Het album vertelt eerst over verschillende episoden uit het leven van Felix Baudoin, de grootvader van Edmond langs vaders kant. Edmond verneemt voornamelijk via zijn vader Jean de belevenissen van grootvader Felix, die op twaalf- of dertienjarige leeftijd als scheepsjongen aanmonstert op een zeilschip. Na een schipbreuk belandt hij in Amerika ten zuiden van San Francisco. Hij leert er onder meer paardrijden, oefent verschillende jobs uit zoals bizonjager voor de spoorwegen waar hij bevriend raakt met Buffalo Bill en later ook nog korte tijd zal werken in diens circus Buffalo Bill's Wild West. In 1882 is hij als bouwvakker actief in New York bij het optrekken van de Brooklyn Bridge en wolkenkrabbers, tot hij in 1887 in dienst treedt bij de Amerikaanse marine. Hij blijft daar tot 1893 om daarna terug te keren naar zijn geboortedorp bij Nice, La Trinité-Victor, waar hij trouwt met Fanny die in 1899 Jean op de wereld zet. Het verhaal van grootvader Felix maakt dan een sprong, vermeldt dat hij 95 is geworden en in 1958 overlijdt.

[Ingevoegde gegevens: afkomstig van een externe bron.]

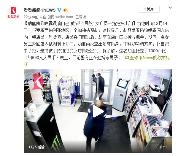 当地时间12月14日,俄罗斯西伯利亚地区一个加油站遭劫。监控显示,劫匪拿着防狼喷雾闯入店内,朝店员一阵猛喷,店员夺门而逃后,劫匪在店内四处搜寻现金,期间一名女员工返回店内试图阻止劫匪,劫匪再次拿出喷雾防身,不料却喷错方向,让自己中了招,最终被手持拖把的女店员赶出门。据了解,这名劫匪抢走了7000卢比(约690元人民币)现金,目前警方正在追捕该男子。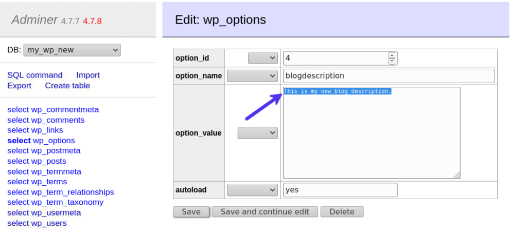 接下来,在option_value字段中输入您的新博客描述,然后单击SAVE按钮以使您的更改生效。

Vervolgens neemt Edmond de verhaallijn over. Hij brengt summier een vroeger verblijf in Amerika en Canada in beeld en maakt daarbij bedenkingen over hoe men de indianen heeft behandeld. Hij stelt zich ook de vraag of de levensloop van zijn grootvader wel zo heldhaftig is geweest. Met betrekking tot figuren zoals Buffalo Bill en de Amerikaanse kolonisten, verheerlijkt in westerns, komt hij alleszins tot de conclusie dat de oorspronkelijke bewoners van Amerika door de kolonisten met geweld verdreven werden van hun territoria. Dat gebeurde zonder compensatie en zonder enig respect voor hun cultuur. Onder het mom van het bijbrengen van educatie en beschaving hebben ook de verschillende kerkelijke gemeenschappen nog decennialang de wortels van de indiaanse gebruiken en cultuur getracht uit te roeien.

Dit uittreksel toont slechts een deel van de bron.